Almost everybody thinks, lets translate and we can operate in another country. Many even believe, let a machine do it and we are good – among these are high officials in the European Union, arguing this more out of avoiding a problem than addressing it. Actually the recent events show we’re not very successful in extracting information from unstructured data, not even monolingually.
Structuring Unstructured Information
A text, such as this one, is an unstructured information resource. However, the text must be first found and it is more valuable if combined and understood together with more such texts. Then conclusions can be made and actions taken based on the information inside the texts. This has been done for centuries, for example by lawyers and courts in countries that work with case based law. Already for a while, the multilingual angle is becoming increasingly important due to international trade, globalization, social media, and in Europe due to the central organization of the European Commission governing so many diversified countries.

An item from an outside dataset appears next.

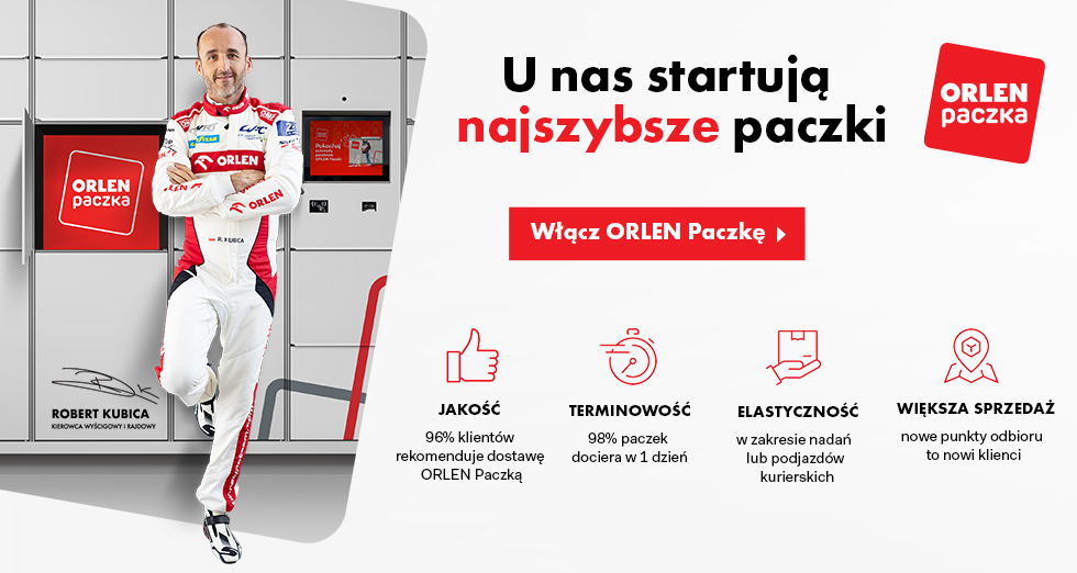 Obsługę logistyczną zamówień powierz fachowcom, tak by skupić się na rozbudowywaniu oferty sklepu, działaniach marketingowych czy rozwojowych. ORLEN Paczka dostarcza paczki szybko i sprawnie, dzięki czemu klienci wracają do e-sklepu. Już 98% zamówień odebranych z e-sklepów dostarczanych jest na następny dzień. Sieć logistyczna ORLEN Paczki dynamicznie się rozwija – pojawiają się nowe punkty odbiorczo-nadawcze, tworzone są nowe trasy kurierskie, uruchamiane kolejne centra logistyczne i punkty przeładunkowe. Wszystko po to, aby być bliżej kupujących.
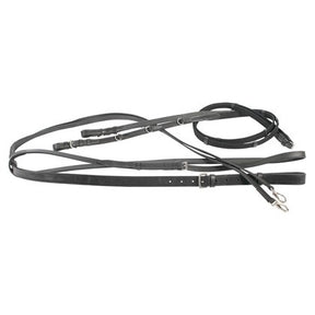 Thiedeman teugel, compleet met martingaal. Voorkomt dat het paard het hoofd te ver omhoog of naar voren brengt.

Everyone knows from painful searches that a smart organization of filed documents is key for finding anything back. The best strategy for retrieving information was the library hierarchy and its terms used to organize the resources. This proven approach has been neglected in the digital age, because users were told search, folders, and titles will do the job. Today, most organizations barely know or care whether terms are used correctly in authoring or in translation. Therefore their texts are no longer useful when queried to support decision making. This is even more evident cross-border when imperfect translation, especially when automated, not only loses terms but also introduces errors.
Interoperability by Machine Learning or Linked Open Data?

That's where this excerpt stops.